O não cumprimento dos prazos de envio da Comunicação de Acidente de Trabalho (CAT) pelo eSocial pode gerar autuação do Ministério do Trabalho e Emprego (MTE), além de passivos previdenciários e trabalhistas que comprometem a operação da empresa. Com a obrigatoriedade do evento S-2210, o processo de registro e notificação de acidentes e doenças ocupacionais mudou completamente, exigindo integração tecnológica, controle rigoroso de datas e responsabilidade compartilhada entre departamento pessoal, SESMT e gestores.

Este artigo explica de forma prática e objetiva o que é o S-2210, quais são os prazos críticos exigidos pela legislação, como evitar erros que custam caro e de que forma sua empresa pode se adequar definitivamente à nova rotina de SST no eSocial. Se você atua em RH, DP ou SESMT, precisa dominar esse processo agora.

O que é o evento S-2210 e por que sua empresa precisa saber

O evento S-2210 é o registro obrigatório de Comunicação de Acidente de Trabalho no eSocial, substituindo o antigo formulário em papel enviado à Previdência Social. Ele serve para informar ao governo federal todos os acidentes de trabalho típicos, de trajeto e doenças ocupacionais que atinjam os trabalhadores, independentemente de afastamento.

Conforme o Manual de Orientação do eSocial (MOS) e a legislação previdenciária vigente, toda empresa é obrigada a registrar o acidente no prazo legal, sob pena de autuação, multas e responsabilização civil e criminal em casos graves. O S-2210 integra-se aos demais eventos de SST, como o S-2220 (ASO) e o S-2240 (condições ambientais), formando o histórico completo do trabalhador no sistema.

Na prática, isso significa que o departamento pessoal não pode mais “esperar o médico preencher” a CAT em papel. O envio é digital, rastreável, e qualquer atraso ou omissão fica registrado de forma permanente no banco de dados do governo.

Impacto Legal e Financeiro para Empresas

A CLT (art. 22) e o Decreto nº 3.048/1999 (Regulamento da Previdência Social) estabelecem que a empresa deve comunicar todo acidente de trabalho à Previdência Social até o primeiro dia útil seguinte ao da ocorrência. Em caso de morte, a comunicação deve ser imediata. A falta de envio ou o envio fora do prazo podem gerar autuação pela fiscalização do MTE, aplicação de penalidades administrativas e abertura de processo judicial trabalhista ou previdenciário.
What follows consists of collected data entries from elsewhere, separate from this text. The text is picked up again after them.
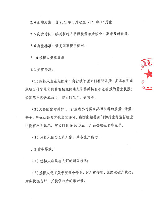 2021年1月-2021年12月雅安城市建設(shè)投資開發(fā)有限公司成品門、防火門集中采購(gòu)(第二次)競(jìng)爭(zhēng)磋商公告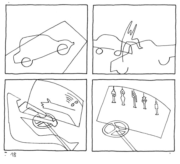 Между человеческой культурой и природой зияет все более широкая пропасть. Во сне она показана разделением между собакой на заднем сиденье и водителем на переднем.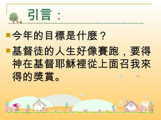 引言: 今年的目標是什麼? 基督徒的人生好像賽跑,要得

Além disso, a omissão ou o registro incorreto do S-2210 prejudica a apuração do Fator Acidentário de Prevenção (FAP), aumentando indevidamente a alíquota do SAT/RAT da empresa, o que eleva os custos previdenciários. Empresas com histórico de acidentes mal documentados podem enfrentar dificuldades em ações regressivas do INSS, em que a Previdência cobra os gastos com benefícios acidentários diretamente do empregador.

O eSocial também permite cruzamento automático de informações: se houver afastamento registrado no S-2230 sem o correspondente S-2210, o sistema sinaliza inconsistência, que pode ser objeto de fiscalização. Empresas que operam sob regimes especiais (como a construção civil, transportes ou indústrias de risco elevado) estão ainda mais expostas a auditorias e embargos operacionais. Fonte: Manual de Orientação do eSocial (MOS) versão vigente, Decreto nº 3.048/1999, CLT art. 22, e orientações do Ministério do Trabalho e Emprego disponíveis em gov.br.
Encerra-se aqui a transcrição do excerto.